Abbiamo hackerato una mano “smart” per evitare che altri lo facciano

28 Feb 2019

“Nell’acronimo IoT la lettera S si riferisce alla Sicurezza”: è forse una delle battute che più si fanno nel mondo della sicurezza informatica e rivela l’idea che il tema della sicurezza non è tenuto sufficientemente in considerazione nel settore dell’Internet delle Cose. Durante qualsiasi conferenza hacker si parla sempre di questi dispositivi smart che non sono così intelligenti e che sono stati hackerati nei modi più svariati. Ormai siamo così abituati a questa tendenza che ci si stupisce del contrario, ovvero quando su uno di questi dispositivi vengono adottate delle buone misure di sicurezza.

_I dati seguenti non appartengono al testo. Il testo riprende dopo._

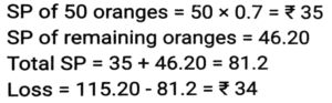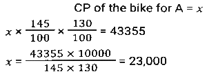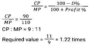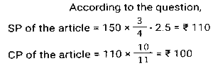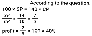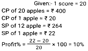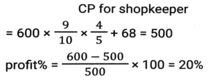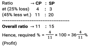 Profit and Loss (SSC-Maths) (Part-3)Total Questions: 5011. Ravi sells his goods at a 25% loss on cost price but uses 45% less weight. What is his percentage profit or loss? [SSC CHSL 01/07/2024 (2nd Shift)](a) Loss, 47 ⁹⁄₁₀ %(b) Loss, 36 ⁴⁄₁₁ %(c) Profit, 36 ⁴⁄₁₁ %(d) Profit, 47 ⁹⁄₁₀ %Correct Answer: (c) Profit, 36 ⁴⁄₁₁ %Solution:12. A shopkeeper gives a 10% discount and still earns 10% profit. The marked price of the item is how many times (correct to 2 decimal places) the cost price? [SSC CHSL 01/07/2024 (3rd Shift)](a) 1.28(b) 1.20(c) 1.22(d) 1.24Correct Answer: (c) 1.22Solution:13. If the selling price of 100 pens is equal to the cost price of 140 pens, find the profit percentage. [SSC CHSL 01/07/2024 (3rd Shift)](a) 30%(b) 40%(c) 45%(d) 36%Correct Answer: (b) 40%Solution:14. A merchant sold two refrigerators for ₹10,000 each. On one refrigerator, he incurred a 20% loss, and on the other, he gained 20%. What was his profit/loss percentage on the whole transaction? [SSC CHSL 02/07/2024 (1st Shift)](a) Profit of 2%(b) Loss of 2%(c) Loss of 4%(d) Profit of 4%Correct Answer: (c) Loss of 4%Solution:15. A shopkeeper marks an article at 150 and sells it at a discount of 25%. He also gives a gift worth ₹2.5. If he still makes a 10% profit, then the cost price (in ₹) of the article is: [SSC CHSL 02/07/2024 (3rd Shift)](a) 175(b) 100(c) 125(d) 112Correct Answer: (b) 100Solution:16. A shopkeeper bought 288 oranges for ₹115.20. He sold 50 of them at 70 paise each and the remaining at 46.20. Find his profit or loss. [SSC CHSL 02/07/2024 (3rd Shift)](a) Loss, ₹36(b) Loss, ₹34(c) Profit, ₹37(d) Profit, ₹25Correct Answer: (b) Loss, ₹34Solution:17. The difference between the cost price and the selling price of an article is 1,800. If there is a profit of 20%, then the cost price of the article is: [SSC CHSL 02/07/2024 (4th Shift)](a) ₹7,000(b) ₹11,000(c) ₹8,000(d) ₹9,000Correct Answer: (d) ₹9,000Solution:18. A retail fruit vendor buys a score of apples for ₹400 and retails them for 264 at a dozen. What was his loss/gain per cent? (a score = 20 no's) [SSC CHSL 03/07/2024 (1st Shift)](a) 20% profit(b) 5% loss(c) 10% loss(d) 10% profitCorrect Answer: (d) 10% profitSolution:19. The marked price of an article is ₹600. A shopkeeper purchased it on two successive discounts of 10% and 20%. He spent ₹68 on transportation and sold the article for ₹600. Find his gain or loss percentage. [SSC CHSL 03/07/2024 (1st Shift)](a) 15% Profit(b) 20% Profit(c) 18% Loss(d) 25% LossCorrect Answer: (b) 20% ProfitSolution:20. A sells a bike to B at 45% profit. Then B sells it to C at 30% profit. If C pays 43,355, then what is the cost price of the bike for A ? [SSC CHSL 03/07/2024 (2nd Shift)](a) ₹21,000(b) ₹23,000(c) ₹27,000(d) ₹29,000Correct Answer: (b) ₹23,000Solution:Submit Quiz« Previous12345Next »

Di solito i ricercatori si concentrano sulle vulnerabilità di questi dispositivi e cercano di capire in che modo gli utenti potrebbero essere minacciati. Il rovescio della medaglia è che queste vulnerabilità possono essere pericolose anche per gli sviluppatori, perché possono portare a fughe di dati o a danni, malfunzionamento delle infrastrutture o addirittura che i dispositivi si rompano o diventino inutili.

In occasione del Mobile World Congress 2019, i nostri esperti hanno presentato uno studio sulla sicurezza degli arti artificiali intelligenti Motorica.

Durante il Mobile World Congress di quest’anno, i nostri esperti dell’ICS CERT (Industrial Control Systems Cyber Emergency Response Team) hanno presentato un report riguardante gli arti artificiali “intelligenti” sviluppati dall’azienda Motorica.

Prima le buone notizie. Innanzitutto, i nostri esperti non hanno riscontrato vulnerabilità né all’interno del firmware, né all’interno delle protesi. In secondo luogo, nel sistema di Motorica,i dati si muovono in una sola direzione, dalla protesi passano su cloud; ciò vuol dire, per esempio, che non è possibile hackerare un arto intelligente rubato e prenderne il controllo in remoto.

Tuttavia, approfondendo lo studio sono stati individuati dei difetti importanti nello sviluppo della infrastruttura su cloud, che riguardano la raccolta e l’immagazzinamento dei dati ricevuti dagli arti protesici. Gli hacker potrebbero:

  • Ottenere accesso ai dati di tutti gli account di sistema (utente e amministratore), compresi username e password non cifrati;
  • Leggere, cancellare e modificare i dati telemetrici custoditi nel database, così come aggiungerne degli altri;
  • Aggiungere nuovi account (anche da amministratore);
  • Cancellare e modificare gli account esistenti (ad esempio, si può cancellare la password di amministratore);
  • Lanciare un attacco DoS rivolto a un amministratore, per bloccare l’accesso al sistema.

Queste vulnerabilità potrebbero potenzialmente portare a fughe di dati degli utenti o danni al dispositivo. Inoltre, a causa dell’ultimo dei punti appena descritti, aumenterebbero in modo significativo i tempi di risposta a un attacco.

Ovviamente i nostri ricercatori hanno informato Motorica delle vulnerabilità riscontrate e sono già state risolte. Purtroppo, si tratta di una vittoria di una piccola battaglia, ma la guerra che abbiamo intrapreso con lo scopo di rendere più sicuro il mondo dell’Internet delle Cose è ancora lunga. Bisogna cambiare in tanti aspetti tra cui:

  • Gli sviluppatori dovrebbero essere a conoscenza delle minacce più comuni e di come creare codici più sicuri. E parliamo di tutte le fasi di sviluppo: i nostri ricercatori dimostrano spesso che alcuni errori nella creazione di una parte del sistema possono portare a una reazione a catena di disastri;
  • Le case produttrici dei dispositivi intelligenti dovrebbero proporre programmi di bug bounty, che sono molto efficaci per individuare vulnerabilità e risolverle;
  • In un mondo ideale, i prodotti in fase di sviluppo dovrebbero essere sottoposti a valutazioni da parte di esperti in sicurezza informatica.